Um texto-chave para Stiegler é, previsivelmente, Dialética do Esclarecimento (1944), de Theodor Adorno e Max Horkheimer, que há muito tempo permanece o carro-chefe da teoria crítica. Adorno e Horkheimer anteciparam um aumento na “barbárie” cultural liderada pelo cinema de Hollywood e a chamada “indústria cultural”. Hoje, bilhões de pessoas dependem da tecnologia da informação que reduz a cultura a pedaços pequenos (o pensamento de Tweet) e é usada principalmente para fins de marketing por um monopólio de gigantes da tecnologia. Stiegler acredita que tal situação ameaça dissolver os laços sociais que incorporam os indivíduos em formas de vida coletivas. O mais preocupante de tudo é que as redes sociais estão se tornando a principal fonte de memória cultural para muitas pessoas.
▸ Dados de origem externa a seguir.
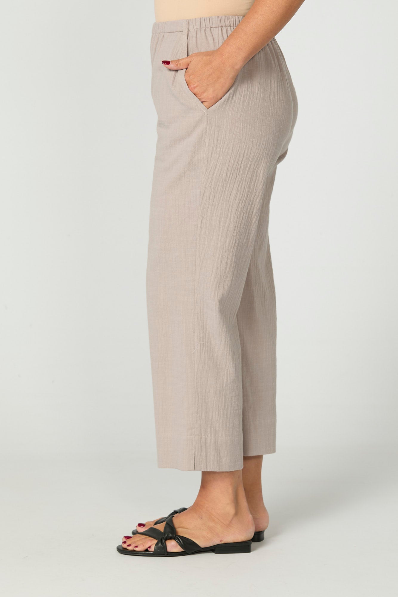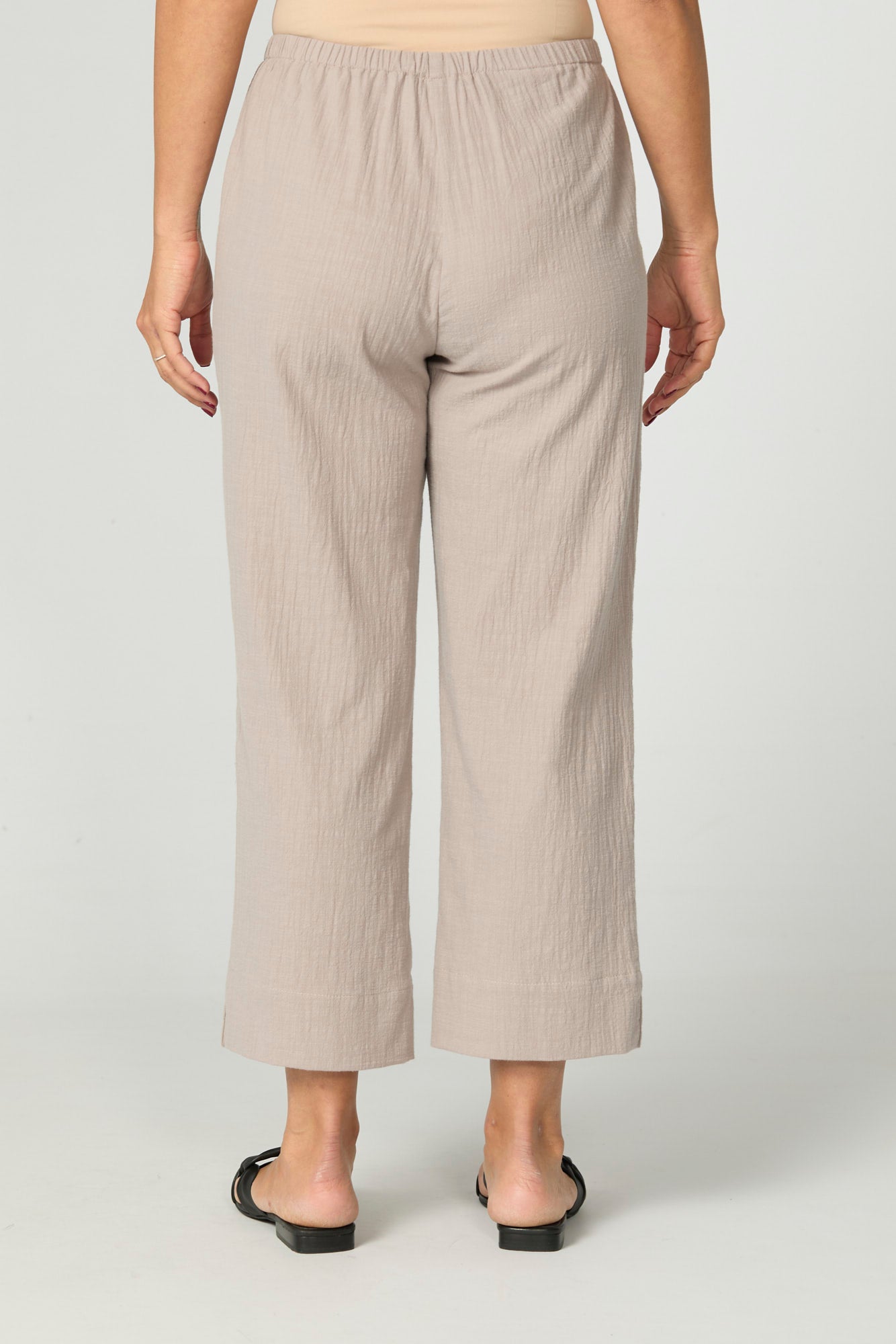 Discover breezy comfort and effortless style with the Cable Beach Crop Pant in Putty. These relaxed wide-leg pants feature a cropped length perfect for warm weather, while the elasticated waist ensures a snug fit. The lightweight cotton fabric provides breathable comfort, and the hem side splits add a playful touch. With front side inner pockets, these pants are as practical as they are stylish.

O recurso “Publicar uma memória” do Facebook, por exemplo, é uma manifestação superficial do impacto mais profundo a longo prazo na subjetividade e identidade.

he Age of Disruption tenta descobrir as raízes históricas e filosóficas da atual doença político-econômica. Com base no livro In the World Interior of Capital (2013), de Peter Sloterdijk, Stiegler argumenta que o espírito de risco do capitalismo moderno criou um espírito generalizado de “desinibição”, que é uma ameaça à lei, à moralidade e ao governo. É, em essência, um niilismo secular que Sloterdijk encontrou poderosamente expresso na “loucura racional” de Raskolnikov em Crime e Castigo de Dostoiévski, que está disposto a sacrificar outras pessoas em busca de sua própria grandeza. Mais perto de casa, podemos vislumbrar a mesma sociopatia entre Bernie Madoff, Jordan Belfort e equipes de especuladores que nos deram o colapso do mercado global em 2008. Essa desinibição niilista é exacerbada por uma segunda forma de loucura secular que Stiegler traça: a convicção de que a racionalidade consiste essencialmente em cálculo matemático. Desde Descartes e Leibniz, a civilização europeia tem sido impulsionada pelo sonho de uma mathesis universalis, pela conquista de um sistema hipotético de pensamento e linguagem modelado exclusivamente em matemática. Se esse sonho parece material maduro para a ficção distópica, é, para Stiegler, o nosso próprio presente.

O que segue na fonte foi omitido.